Green Charta of the Deauville Green Awards

The fight against climate change, innovations, transportation, eco-mobility as well as the energy transition were among the topics at the 8th edition of the Deauville Green Awards, which featured about 420 documentaries, commercials and image films from all across the world. Climate and environment protection were an issue at the Deauville Green Awards not on screen only. This year, the festival also produced the event more eco-friendly.

 

"We created a charta with various measures. This includes the ban of single-use plastic, low-emission travel and accomodation of the team and participants as well as the calculation of the carbon emission footprint that was offset by our festival partner EcoAct“, points out Laurence Lafiteau, producer of the Deauville Green Awards. „Greening an event is a gradually process that we need to accelerate by sharing best practices, tips, experiences across the French and European industry. The Audiovisual and Media sector has to go forward quicker.“

 

"For this reason, we recently launched an initiative to green the creative industry." In charge of the initiative are the French filmmakers Cyril Dion und Laure Noualhat. After the successful documentary Tomorrow, they presented their new film Après Demain in Deauville. „We want to picture a better world and show how life could be in a better world“, underlined Dion. „This is our responsibility as filmmakers.“

 

Another key topic is to raise awareness for filmmakers when they are shooting in a wildlife reserve. "Big crews are troublemakers when they are putting their heavy equipment all over the place, when they are making noise and are producing light“ says Marina Ezdiari, the Ecoprod representative who did a workshop on biodiversity and filmmaking. „Hopefully, we come up with a factsheet that will be shared on a European level.“

 

 

The main topic of the 8th edition of the Deauville Green Awards was dedicated to biodiversity.  "The theme was up in the air", underlines  Georges Pessis, Honorary President of the nature and and envronment festival that he is heading together with the President Francois Morgant. For the first time, the festival also included various VR films in their program.

 

 

The World Wildlife Fund (WWF) France produced several VR films about whales and birds which let the viewers experience the work of the environmental organisation at close quarters. „We film our missions and bring the viewer right there via VR headsets“, says Michael Neveu, Head of Digital Communication, WWF France.

 

 

The French collective Ecoprod sponsored the special award for sustainable film production that was given to the German production outfit The Royal Film Company for the image film  Laureus Sport for Good – Neeta‘s Story.  The ambitious project is using sports  to strengthen the literacy and self-confidence of young women in India. „Unfortunately, we had to go to India by plane“, says the producer Moritz Schreiner. "Therefore, we reduced our crew to three people and we were offsetting the carbon footprint of our flight.“ The sustainable measures included the use of reusable batteries and LEDs, the abandonment of plastic bottles as far as possible as well as a mostly vegetarian and vegan diet.

 

How sustainable a film can be produced is also a matter of the availability of eco-friendly solutions.
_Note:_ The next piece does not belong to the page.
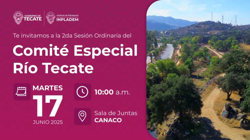 - El Gobierno de Tecate, a través del Instituto de Planeación del Desarrollo Municipal (INPLADEM), extiende una cordial invitación a la ciudadanía, representantes de organismos públicos y privados, así como a la sociedad civil, a participar en la 2da Sesión del Comité Especial Río Tecate.
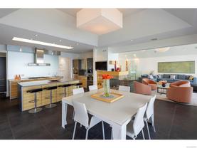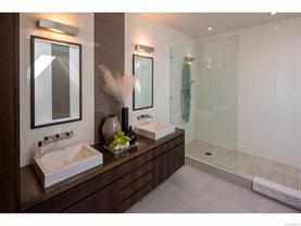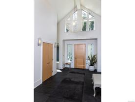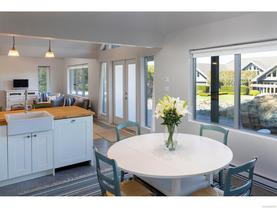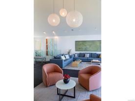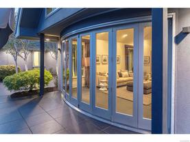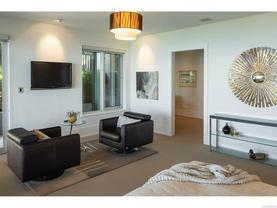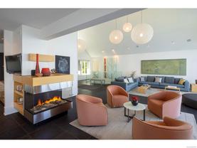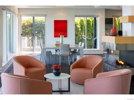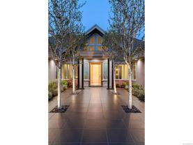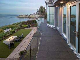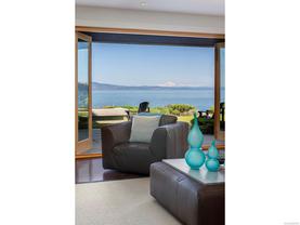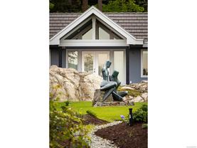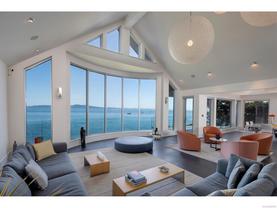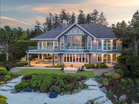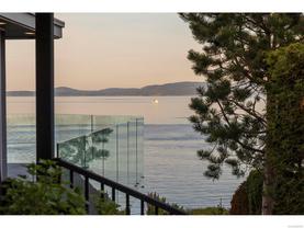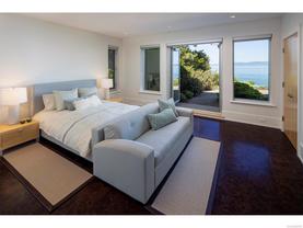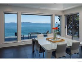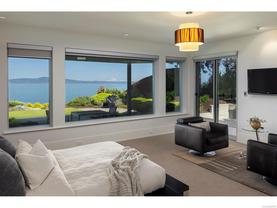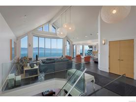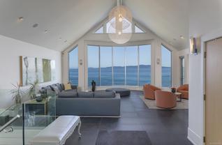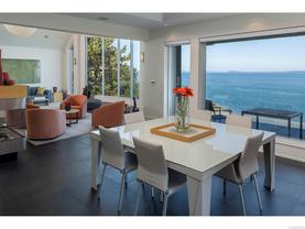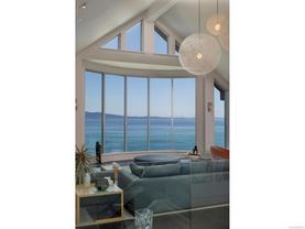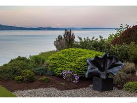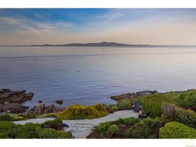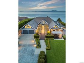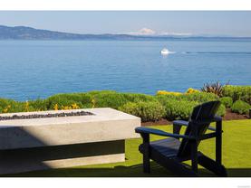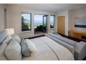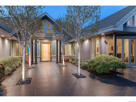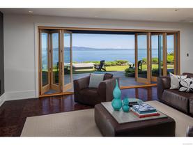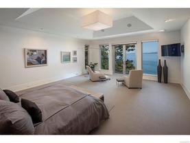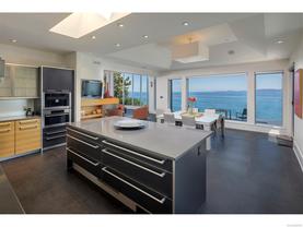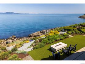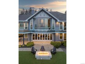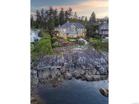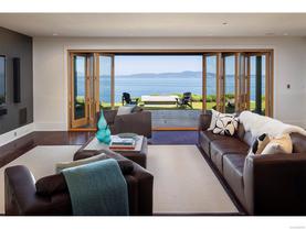 Exceptional waterfront home in Ten Mile Point with panoramic ocean and mountain views. This timeless 4BD/5BA residence blends clean-lined architecture with natural beauty and privacy. Vaulted ceilings (11’–18’) and expansive windows fill the open-plan interior with light. The chef’s kitchen features Miele & SubZero appliances, 6-burner gas range, double wall ovens, and skylit island. The main-level primary suite includes a spa-inspired ensuite, sitting area, walk-in closet, and deck access. A dramatic sitting room/lounge with accordion doors opens to a sun-filled south-west facing terrace & dining area w/awning. Lower level offers a media/games room with bar, guest bedrooms, and terrace with fire table near the water. In-floor heat, Control4, HRV, security, and a 648 sq ft guest cottage complete this luxurious offering near Cadboro Bay Village. Designed by Jim Grieve, this is a rare opportunity to own a legacy waterfront property in one of Victoria’s most exclusive neighbourhoods.

In their documentaries, commercials and image films, several filmmakers gave an insight into approved and new technological developments, which were presented in the innovation category. The use of water and wind power, smart cities were an issue as well as the use of hydrogen for automobiles. In L’Hydrogéne, clé de la mobilité propre, the French company Air Liquide presents an ambitious project which plans to launch a zero-emission fleet of 600 hydrogen-powered taxis in Paris and the Ile-de-France region by 2020.

 

Vehicles which are powered with hydrogen is the speciality of Stéphane Aver, President of Swiss company Aaquis, that gives out the innovation award in Deauville. „We have a new standard to store hydrogen for light mobility, which includes bicycles, scooters, motorcycles, small cars and small trucks for the delivery in the city." At the moment, Aaquis is deploying vehicles in China, Vietnam, Marocco, Dubai, in France as well as in Switzerland. The hydrogen is stored in cartridges that are distributed like drinks in vending machines. „We are using the same system.“ The location of the hydrogen storage automat can be found via an App, the payment is done by smart phone. The user can ride a bicycle with two or three wheels with a small cartridge for about 50 kilometers. For a scooter, he needs two bigger cartridges for a ride up to 100 km. In France, there is a growing interest in hydrogen-powered vehicles. „We are in negotiations with a French supermarket chain that will offer our bicycles to their customers and also use them for their delivery service."